**Source records**

▼

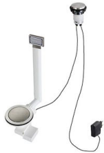
Automatischer Abfluss Space Light 8407 117
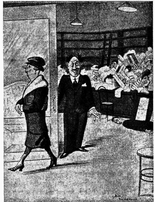
Müüja ostjale: Palume meid ka edaspidi lahkelt külastada

Kutseühingu energiline tegutsemine aitas seada jalule seaduse nõuded ja äriametnikkonna õiguseid.
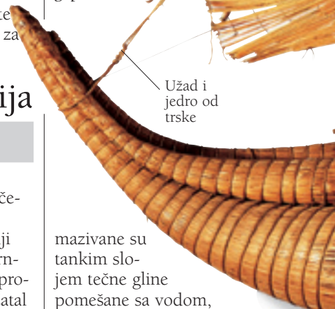
Užad i jedro od trske

ČAMAC Ovaj čamac sa jezera Titikaka u planinama Anda napravljen je od trske. Egipćani su pravili brodove od trske već oko 4000. g. p.n.e.

▲

**Directions for this task**
Write the lines out again exactly, beginning at the one containing "Müüja ostjale: Palume" and ending with the last line of the entries, but without any pictures.

**Answer to this task**
Müüja ostjale: Palume meid ka edaspidi lahkelt külastada

Kutseühingu energiline tegutsemine aitas seada jalule seaduse nõuded ja äriametnikkonna õiguseid.
Užad i jedro od trske

ČAMAC Ovaj čamac sa jezera Titikaka u planinama Anda napravljen je od trske. Egipćani su pravili brodove od trske već oko 4000. g. p.n.e.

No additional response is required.